In fact, the process of producing bamboo viscose from the bamboo plant requires a lot of dangerous and toxic chemicals. Moreover, substances such as lye and carbon disulfide that transform bamboo into a workable material can not be reused.
Another thing to consider is the mass production of genuine bamboo rayon in China— the largest bamboo fabric exporter. Unfortunately, factory workers are often exposed to carbon disulfide, which is neurotoxic and can cause organ failure.
Cotton is a universally loved fabric due to its comfort and versatility. However, cotton ranks as one of the least sustainable fabrics, particularly in its environmental impact.
Cotton cultivation requires copious amounts of agrochemicals and fertilizers, which end up contaminating surrounding water bodies. Speaking of water, cotton drinks up a lot of it; we’re talking 20,000 liters of water to produce one kilogram of cotton.
Moreover, cotton crops severely damage the soil in which they grow. Consequently, growers must acquire more cultivable land, thereby displacing civilians and destroying habitat.
Wool comes from sheep, and the amount of resources required to breed and raise those sheep is concerningly high.
Sheep graze on land, which can be good for the environment. But with such a high global demand for wool, overgrazing has become a serious problem. Overgrazing leads to excessive vegetation loss, which leads to desertification of once-fruitful land.
Moreover, mass production methods rarely care about animal welfare. While shearing is healthy and necessary for sheep, it is a necessity that we created. Unlike wild sheep, domesticated and genetically modified sheep can not shear their own wool and rely on humans to do it for them.
We can’t deny it: silk feels fantastic against the skin. And it looks great, too.
However, the Higg Index ranks silk as the worst fabric in terms of sustainability— even worse than the often-demonized cotton.
The main reason for silk’s low ranking is that silk farms require a lot of energy to operate. Moreover, silk is an unquenchable fiber that drinks up water throughout its manufacturing process.
Call us biased, but hemp fabric is the foremost champion of the sustainable fashion movement.
Sadly, hemp has yet to make a breakthrough in the mainstream fashion industry. This is mostly because of the legal status of hemp, which in turn has severely undermined the production and distribution methods of hemp fabrics.
However, hemp is one of the most sustainable natural fabrics out there. Compared to its more conventional counterparts, the hemp plant is the highest-yielding crop. Worst case scenario, hemp stalks only take four months to reach maturity.
Moreover, hemp’s water footprint is only one-third of cotton and even lesser still than silk. Better still, hemp returns 60-70% of the nutrients to the soil instead of stripping it of them.

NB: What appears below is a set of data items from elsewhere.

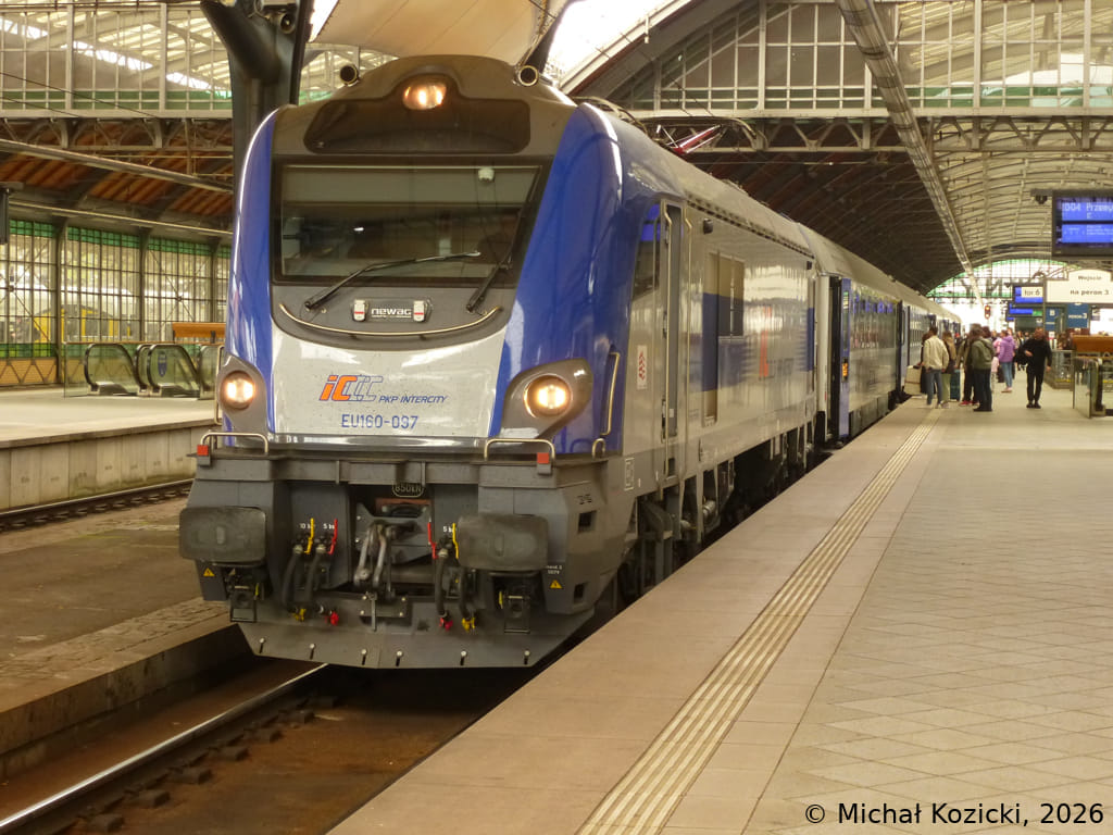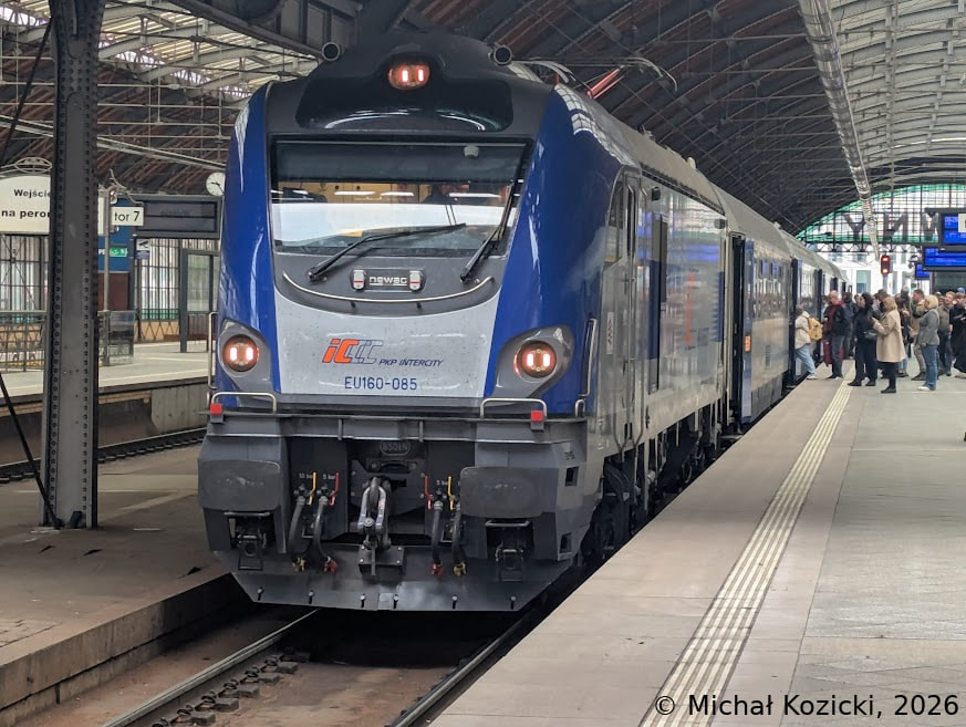 PKP IC EU160-085 will depart from Wroclaw Gl. on the IC "Mehoffer" service from Szczecin to Przemysl, Poland, 19.04.2026.
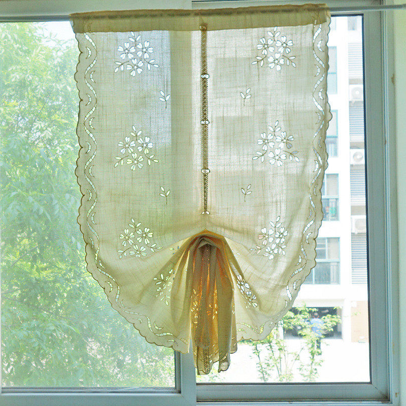 6b76新款飘窗卷帘成品窗帘免打孔遮光罗马帘田园魔术贴美式扇形提
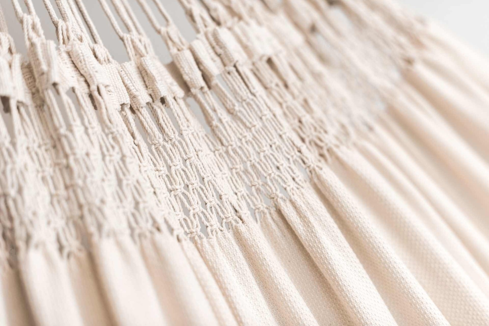 Vďaka špeciálnej technike tkania a diagonálnej a pružnej väzbe sa látka dokonale prispôsobí krivkám vášho tela. Rovnako ako ostatné brazílske siete Bossanovu zdobia Macramé a dekoratívne čipky na bokoch. Veľký počet závesných šnúr zaisťuje rovnomerné rozloženie váhy a vynikajúce pohodlie.
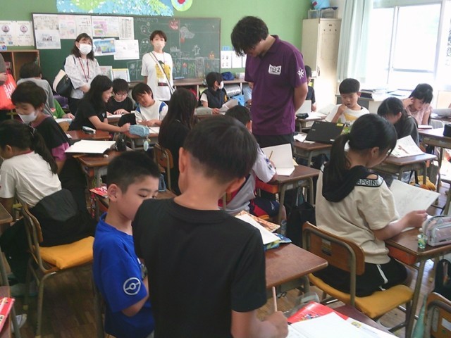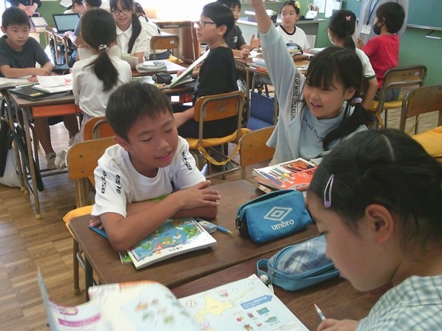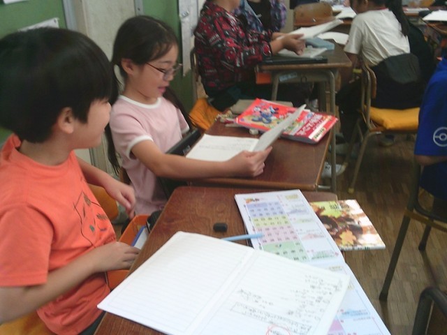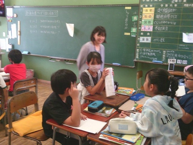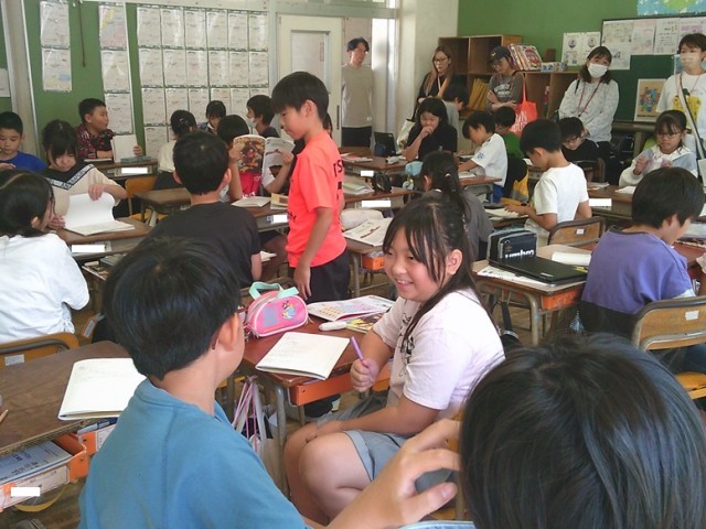 4年生の学習の様子です。両クラスとも集中して学習を進めていました。友達と机を付けての話し合い活動も活発に行っていました。
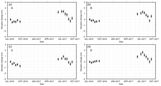 Time series of elevation changes based on our InSAR measurements at points (a) A; (b) B; (c) C; (d) D relative to the first acquisition on 22 July 2016. The error bars denote the uncertainty of the InSAR time series. The locations of the four points are shown in Figure 1.

Hemp is also extremely durable, which means that it will last you a long time. By extension, it also means that you won’t have to update your wardrobe every few months, thereby reducing your carbon footprint.
When the time does come, hemp is biodegradable as well as compostable. In other words, hemp grown in soil will return to it.

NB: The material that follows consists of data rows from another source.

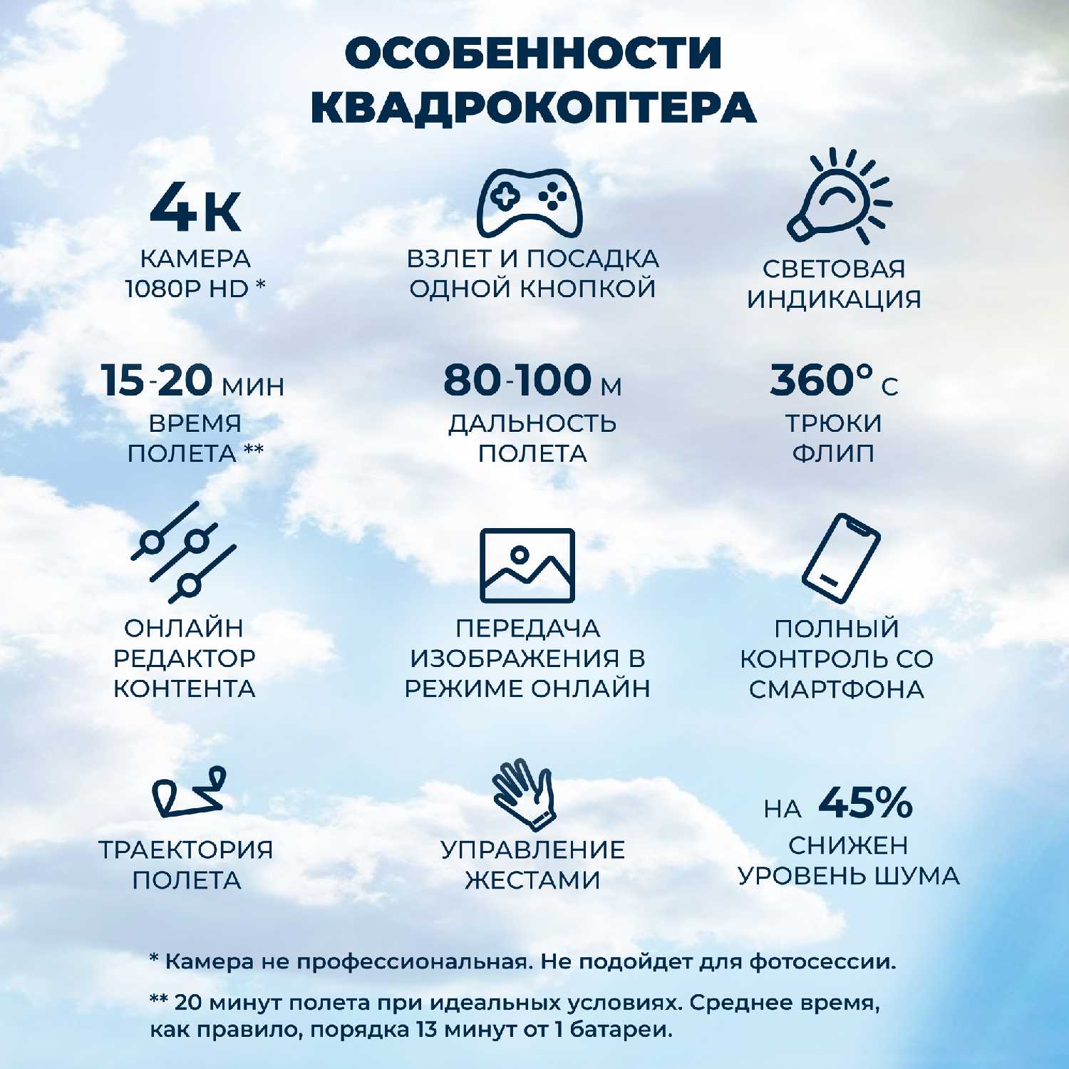 Дальность управления квадрокоптером составляет около 90 метров, что является стандартным показателем для данного класса устройств. Время непрерывного полета от одного аккумулятора варьируется от 12 до 15 минут в зависимости от условий. В комплекте поставляется три аккумулятора, что суммарно дает около 40-45 минут летного времени с перерывами на замену. -
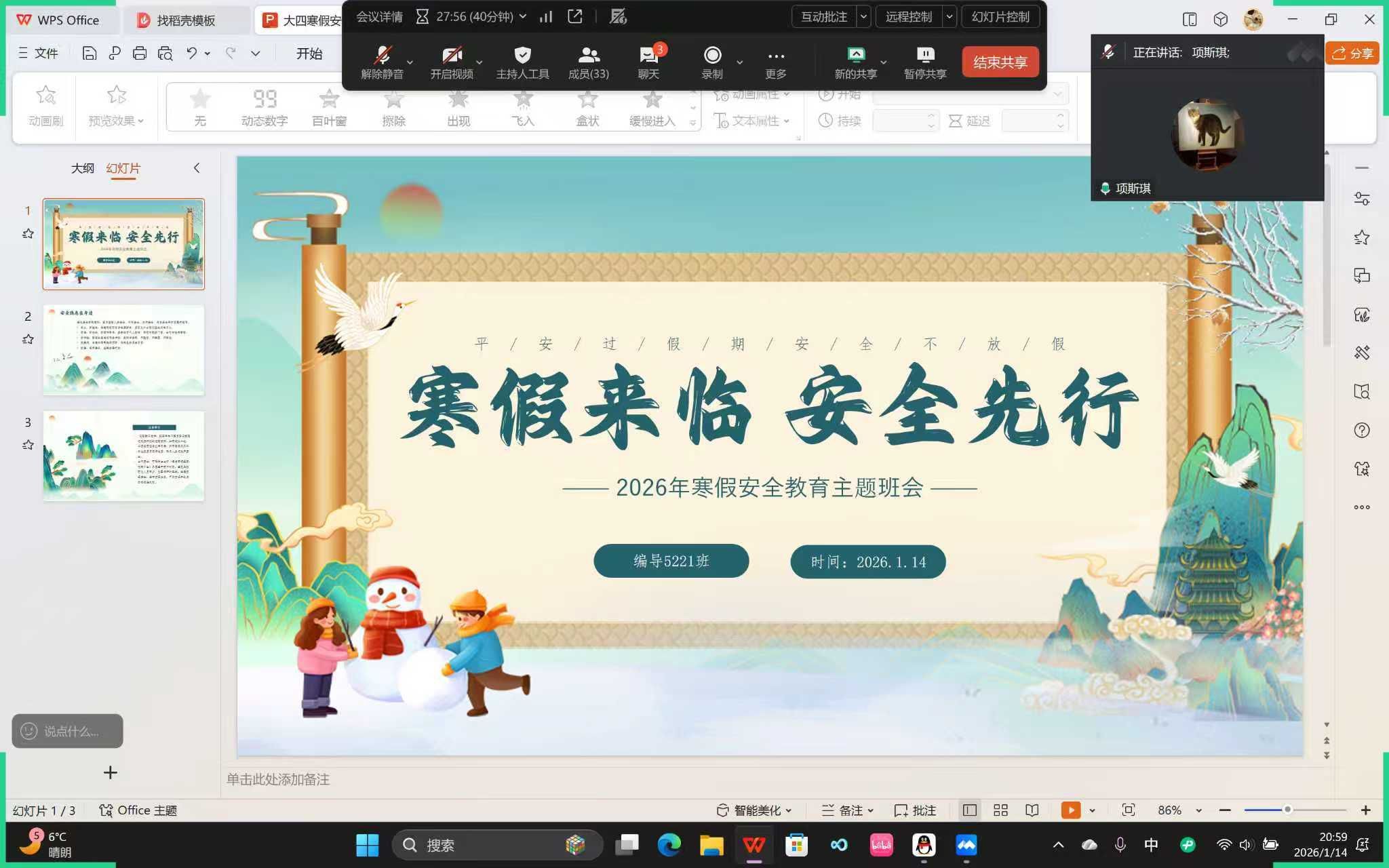 本网讯(通讯员 梁玥)为增强学生假期安全意识,筑牢安全防线,引导学生度过一个平安、充实、有意义的寒假。1月12日至13日,我院组织各班召开寒假安全教育主题班会。班会由各班班主任主持。班会上,班主任结合真实案例从多个维度展开安全教育,重点强调了离校途中的交通安全、人身安全与财产安全,提醒同学们防范电信网络诈骗、警惕兼职陷阱、文明上网。班主任还鼓励同学们科学规划假期生活,在适度休息、陪伴家人的基础上,合...
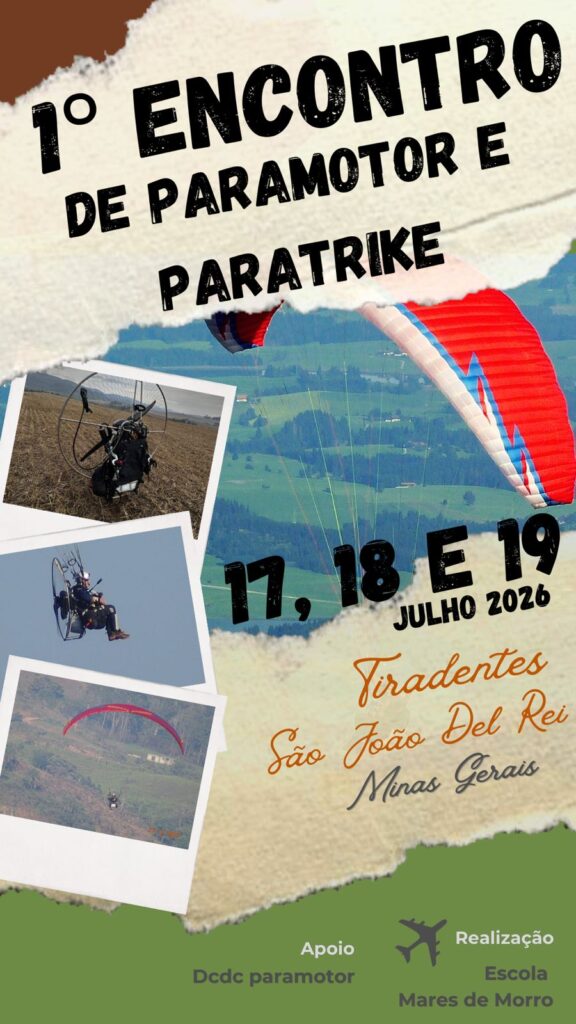 1º Encontro de Paramotor e Paratrike de São João Del Rei – MG Realização: Escola de Paramotor e Paratrike Mares de MorroContato: Leandro Aguiar – (32) 98826-9882

But the best part about hemp fabric is that it is untouched by the fast fashion industry. This means that, for the most part, there are no unethical labor practices, no destruction of land, and no excess energy consumption.
Hopefully, by the time big-name brands catch on, sustainable fashion will be more dominant.

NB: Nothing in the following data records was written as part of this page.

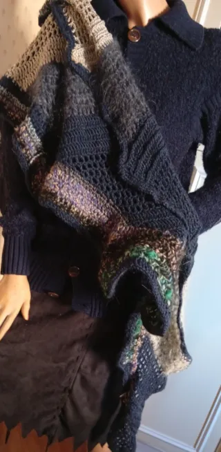 Maxi sciarpa in lana, mohair e cotone perfetta per completare il tuo look. - Morbida al tatto - Design a righe - Lavorazione a maglia
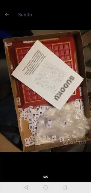 Divertente gioco da tavolo ispirato al Sudoku, ideale per allenare la mente da soli o in compagnia! Include tutte le tessere originali, perfette per ricreare partite di Sudoku a casa, senza bisogno di carta o penna. 📦 Contenuto: ·Plancia di gioco ·Tutte le tessere numerate ·Istruzioni incluse 🧠 Adatto per tutte le età, perfetto per amanti dei giochi di logica e puzzle. Ottime condizioni, completo e pronto per giocare! Altri giochi disponibili: https://it.wallapop.com/item/set-4-giochi-per-ragazzi-quercetti-lisciani-cle-1204855061 📍 Consegna a mano in zona Porta di Roma o spedizione. 💬 Scrivimi per ulteriori informazi
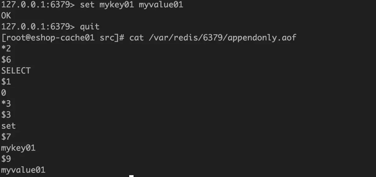 1. 插入一个键值对,查看AOF(日志)文件:
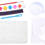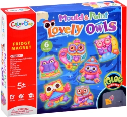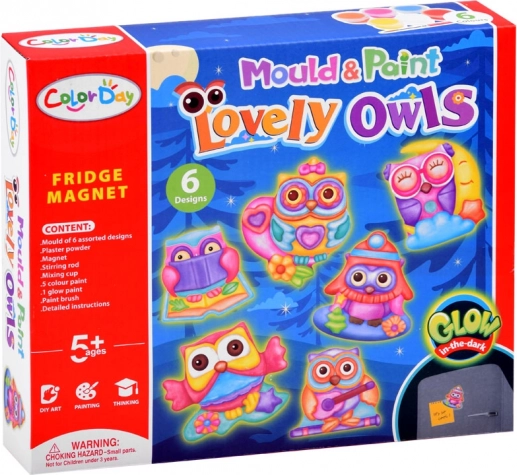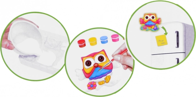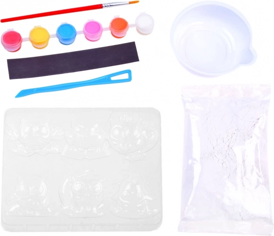 - Forma s motívmi sov, sadrový prášok, miešací kelímok, špachtľa/paletový nožík, štetec, 6 farieb, magnetická páska
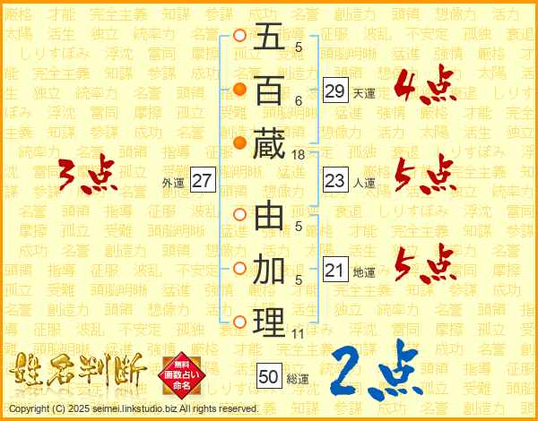 五百蔵由加理さんの天運は29画の4点!

The thing is, none of the natural fibers are inherently bad; most of them are biodegradable, compostable, and come from a natural source.
The only problem is the fashion industry’s modern methods of mass-production/ consumption.
Luckily, the fast fashion industry hasn’t gotten to hemp yet. But hemp is a far more sustainable fabric in and of itself as well. Compared to other natural fabrics like cotton, silk, wool, and bamboo, hemp is very low-maintenance; it requires less water, no pesticides, and doesn’t exhaust the land.
So, if you’ve only recently embarked on your sustainable fashion journey, hemp fabric is a great place to start.